The Click-through rate (CTR) prediction is one of the important basic tasks in recommendation system. By predict the click rate of user, the web or application can sort the candidate item list and push them to target user, so as to provide personalized recommendation service for users. Early CTR prediction models output CTR through Logistic Regression, and use automatic feature engineering methods such as Factorization Machine (FM) [10] and Gradient Boosting Decision Tree (GBDT) [3] for business implementation. With the development of deep learning, CTR prediction model based on neural network like PNN [9] has gradually become the mainstream application model in the real application.

Wide &deep [2] CTR predict model structure have used parallel structures of different depths to consider both memorization and generalization. In subsequent studies, FNN [18], DeepCrossing [11], DeepFM [4], DCN [16], xDeepFM [7], DCN-V2 [17], EDCN [1], NFM [5] and other models have similar parallel structure like Wide &deep, and were utilized to analyze public embedding through different modules. Moreover, the generalization of this structure depended on the effectiveness of parallel structures.

There is no comprehensive analysis of feature interaction in previous parallel structure models. Therefore, the generalization of the model is limited. At the end of CTR model, the click rate prediction output have been achieved by linear layer with activation function. During training phase, the activation values between parallel layers tend to fall into the weak gradient interval. This phenomenon will weaken the training effect of each parallel module, and can not improve the generalization while improving the complexity of the model.

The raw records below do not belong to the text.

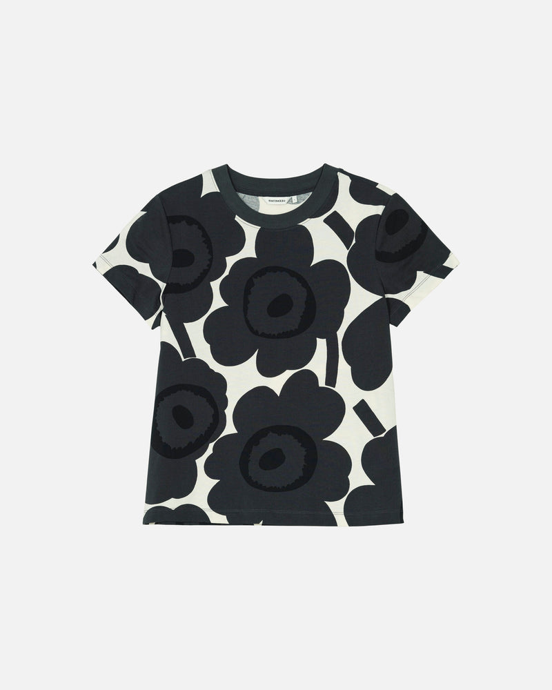 Create an accountThe Heleys top is made of cotton jersey, and it has a slim, straight fit. The short-sleeved top features the Unikko pattern and an O-neck with a rib finish.
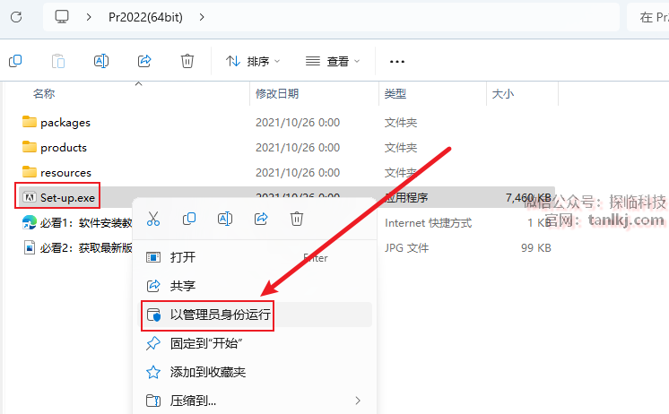 打开解压后的文件夹,右键安装程序【Set-up】,点击【以管理员身份运行】。
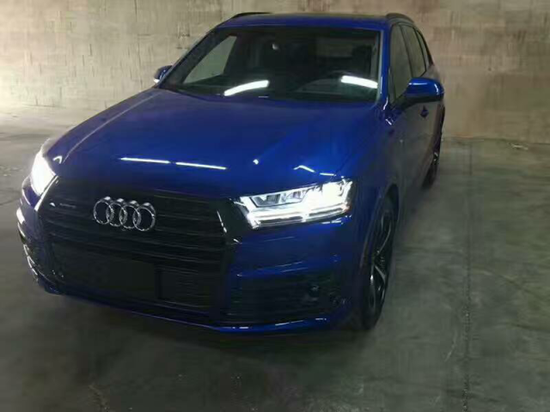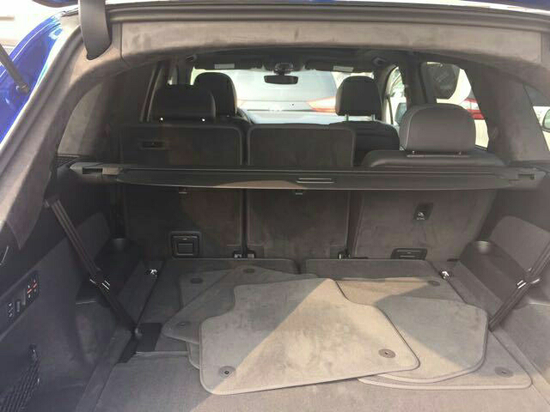 2017款奥迪Q7 (配置|询价) 17款 3.0T 汽油 科技版 雪邦蓝/黑灰 1。动态驾驶包(自适应空气悬挂,底盘升降 4轮转向)2。驾驶员辅助加强包(雷测 抬显 交通信号识别)3。豪华座椅高级包(按摩通风座椅,电吸门,翻毛皮门板)4.S line运动包(21寸刀锋车轮,S line车顶扰流器,黑色车顶棚,285/45全季运动轮胎,S line迎宾踏条,Sline挡泥板徽章,Sline前后保险杠和前翼子板标志)5。奥迪限量包(反毛皮顶 21寸刀锋轮 RS运动面板)标配:四区空调,三排座椅(7座),三幅方向盘加热,全景天窗,前后停车传感器,氙气前照明灯,LED日行灯,LED前大灯,LED尾灯,无钥匙启动,后隐私玻璃,驾驶员乘客座椅4方位电动腰部调节,脚感电尾门,前后座椅加热,前座椅通风,防盗报警系统,电动加热折叠外后视镜带电动调光记忆功能,环影,室内照明包增强版,液晶仪表盘,自动调光室内镜,奥迪车道侧向保持系统,BOSE三维环绕音响,MMI手写系统,智能卡。金属漆,拖车钩,拉丝铝橡木灰内饰,后车门遮阳篷。
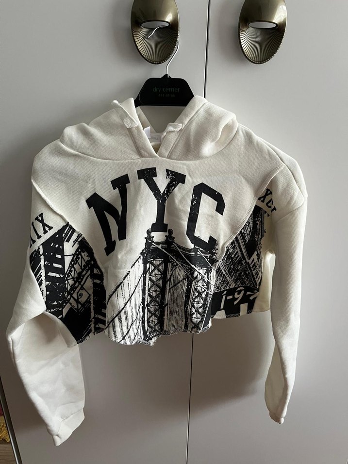 Baskılı NYC deseniyle beyaz, kısa kesim, uzun kollu, yuvarlak yaka, sentetik dokulu ve örme yapıda, günlük kullanıma uygun kadın sweatshirtü. ️
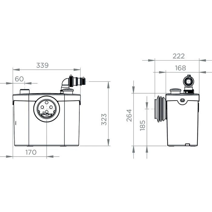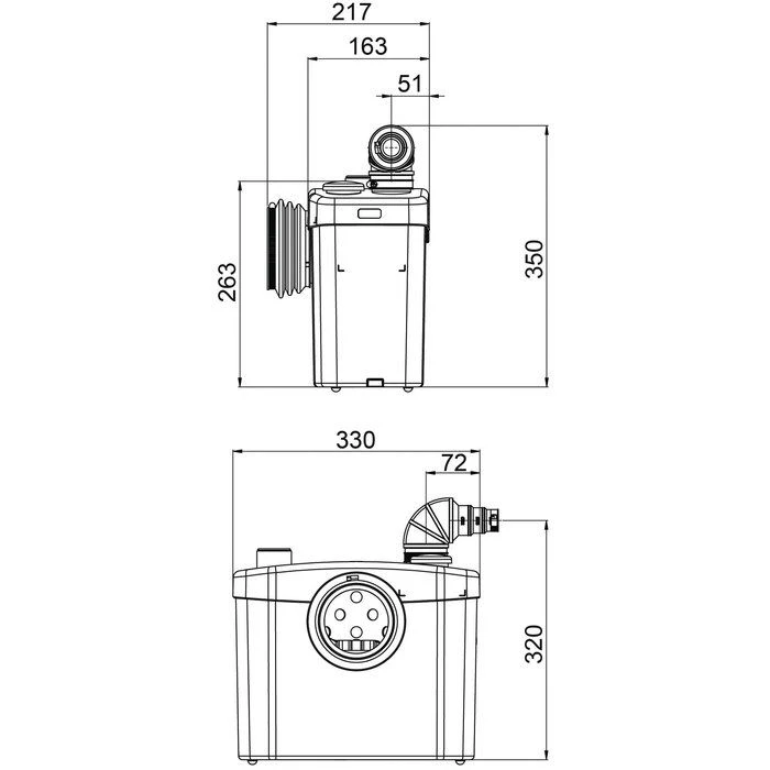 Évacuation : Ø 20 à 32 mm
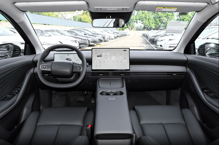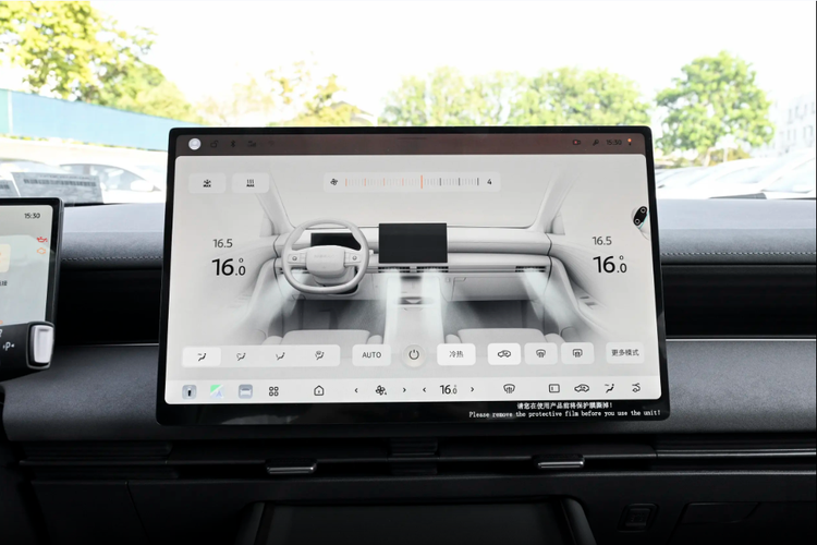 来到车内,可以看出东风日产N6Pro+的智能座舱不管是设计风格还是智能化表现,都足以抹平合资品牌与自主品牌之间的差距。车内是双大屏组合:10.25英寸液晶仪表+15.6英寸悬浮中控屏,大小刚刚好,不挡视线,显示还清晰。仪表看车速、电量、驾驶辅助一目了然,中控负责导航、多媒体、车设、空调,界面简单,逻辑清楚,上手特别快。

In this paper, we propose a new deep CTR model, named Parallel Heterogeneous Network (PHN). For PHN model, three parallel feature interaction structures were included to analyze CTR features from different perspectives. In order to enhance the independent analysis ability of each parallel module, Soft Select Gating module was constructed after public embedding to enhance the original embedding expression. We also added residual connections with trainable parameters to the model to reduce the weak gradient phenomenon by accumulating gradients during the back propagation process.

This paper mainly contributions are as follow:

• In order to strengthen the expression ability of CTR prediction model, this paper constructed three different linear feature interaction methods from nonlinear interaction, bite-wise interaction and vector-wise interaction based on parallel structure.

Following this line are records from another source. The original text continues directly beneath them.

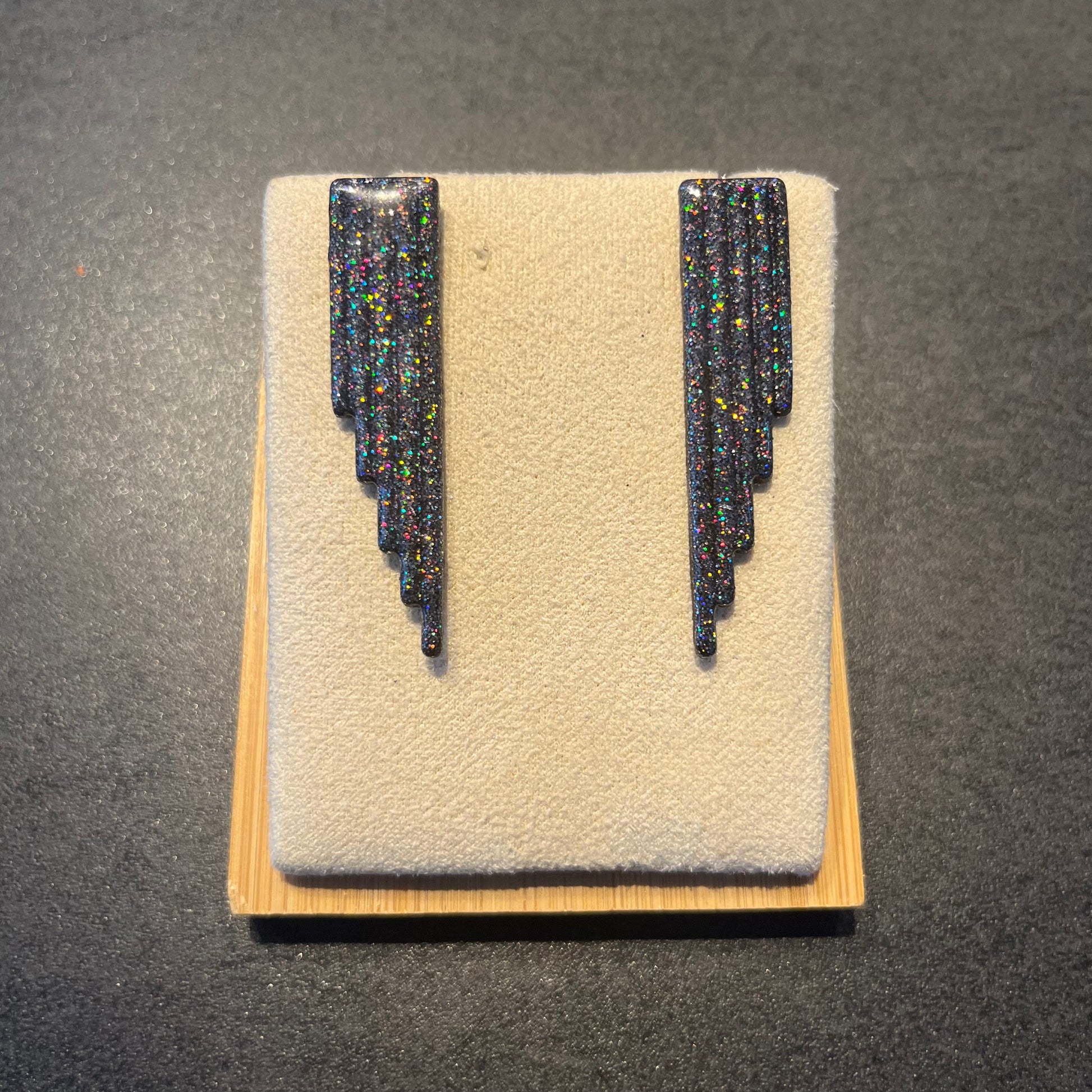 Matériau : argile polymère, finition en résine, clous d'oreille en acier inoxydable.
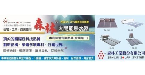 森林太陽能熱水器、不銹鋼、銅管板式集熱器、專利可通洗集熱器、強制、自然循環、真空管式熱水器、不銹鋼板式集熱器、強制式熱水器、熱泵熱水系統、辛巴達焊將熱水爐、太陽能熱水器、家庭用熱水器、商業用熱水器、集熱器、保溫槽、電能熱水器、熱泵熱水器等通過ISO9001國際品保認證、熱泵熱水器、家用熱水器、商用熱水器、儲水保溫桶、太陽能
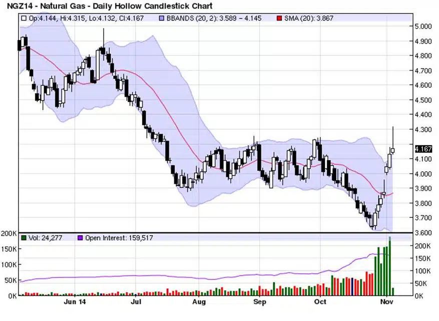 Na de strenge winter zijn de gasprijzen in snel tempo weer gedaald, maar nu is de winter weer in aantocht. De markt kijkt daarom met groeiende belangstelling naar de huidige gasprijs en naar de weersverwachtingen. Die prijs lag aan het einde van de maand oktober op $3.541 MBTU. Sindsdien zijn de weersverwachtingen omgeslagen. Volgens het meteorologisch bureau AccuWeather Inc. belanden de temperaturen in het oosten van de Verenigde Staten ver onder het gemiddelde en in een aantal staten zal de vorst dit jaar vroeg invallen.
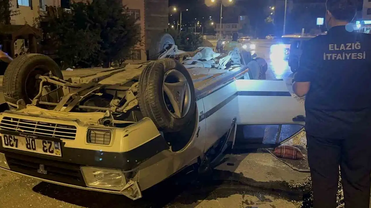 Elazığ'da kontrolden çıkan otomobil kaldırıma çarptıktan sonra tekeri koptu, ardından karşı şeride uçtu. Takla atarak ters dönen araçta bulunan 4 kişi kazayı yara almadan atlattı.
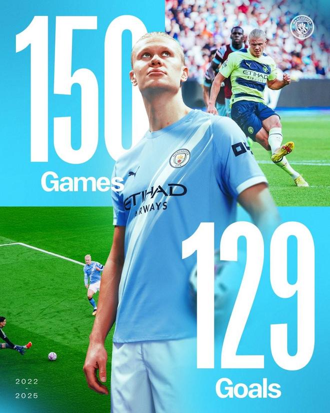 在与曼联的英超曼市德比中,哈兰德达成曼城生涯150场里程碑,一共打入129球。
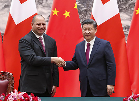 習近平強調,中國同包括湯加在內的太平洋島國是同呼吸、共命運、齊發展的好朋友、好夥伴。中共十九大提出要推動建設相互尊重、公平正義、合作共贏的新型國際關係,推動構建人類命運共同體,強調中方將秉持正確義利觀和真實親誠理念,加強同發展中國家團結合作。上述理念和方針將為中湯關係和兩國合作開闢更加廣闊的前景。
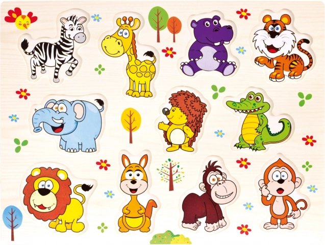 Šī lielā koka puzle ar safari dzīvniekiem iepriecinās mazos pētniekus. Krāsainie ieliekamie gabaliņi ir viegli satverami un palīdz bērniem trenēt motoriskās prasmes un loģisko domāšanu. Stabilā koka pamatne saglabā formu un nodrošina ērtu salikšanu.
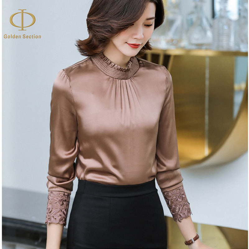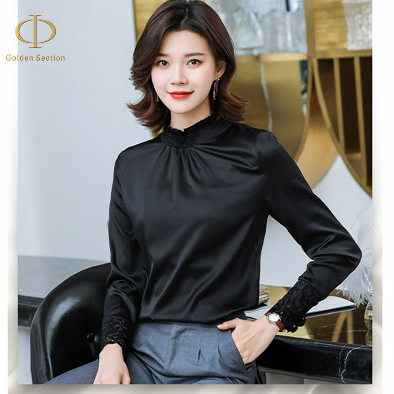 New Arrival Fashion Silk Elegant Women's Tshirt Lady Tops And Blouses Women's Long White And Black Shirts
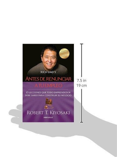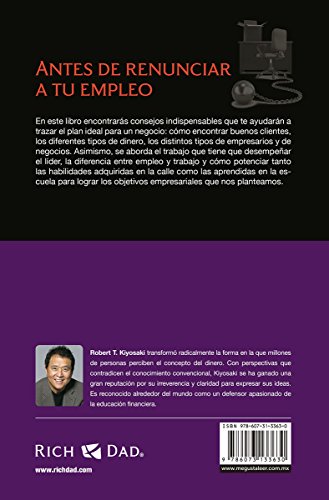 En Antes de renunciar a tu empleo Kiyosaki nos comparte sus éxitos, sus errores y las lecciones que ha aprendido. Habla de los puntos que debes cuidar antes de dar el gran paso de empleado a empresario, así como estrategias para recuperarte de un fracaso financiero. Cada capítulo corresponde a una lección y está acompañado de las excelentes reflexiones de Sharon Lechter a manera de resumen.
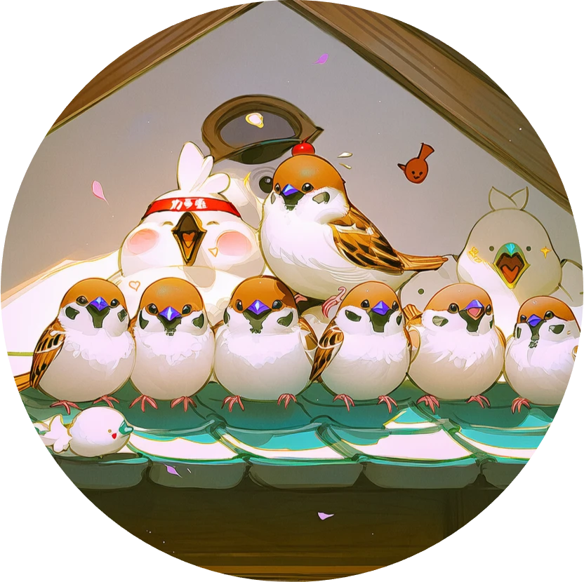 A flock of sparrow yokai living under the shrine eaves. They wake you up every morning with their noisy chirping. They are very talkative neighborhood loudspeakers that make alarm clocks unnecessary.

• Soft Selection Gating is constructed before the parallel structure, and the features of original embedding are enhanced by self-attention and soft gate structure while retaining the high order crossover characteristics, which improves the ability of the model to express data.

• To solve the weak gradient phenomenon in the parallel model, the residual link with trainable parameters are used in the parallel structure to reinforce the model training process.

• The effectiveness of Soft Selection Gating and the weak gradient phenomenon are visualized, and the effectiveness of PHN is verified by comparison experiments.

2 Proposed Method

The Parallel Heterogeneous Network (PHN) consists of two main structures. One of them is Soft Selection Gating (SSG) module based on self-attention to enhanced embedding features for different structures, and another one is Heterogeneous Interaction Layer (HIL), using different interaction method to analyze the enhanced features, and finally using Logistic Regression to output the confidence of sample. Figure 1(a) illustrates the main structure and the detail of model.

Fig. 1.

The overview structure of our proposed PHN model, which consists of Soft Selection Gating (SSG) module and Heterogeneous Interaction Layer (HIL)

2.1 Heterogeneous Interaction Layer

In PHN, the parallel layers use three kinds of interaction layers to improve model interaction capability: 1) cross layer is the basic part of DCN [16] and DCNV2 [17], which focuses on the element-aware feature interaction; 2) field interaction layer is the basic part of FINT [19], which focuses on the vector-aware field interaction; 3) feed forward layer is used to fitting the non-polynomial information.

Cross Interaction Layer. Feature interaction is a main key point in study of mainly CTR prediction model. As a previous study, the DCN [16] and the DCNV2 [17] proposed two kinds of explicit interaction methods, which achieved the data mode of high-order interaction by realizing the intersection of multi-layer hidden features and original features.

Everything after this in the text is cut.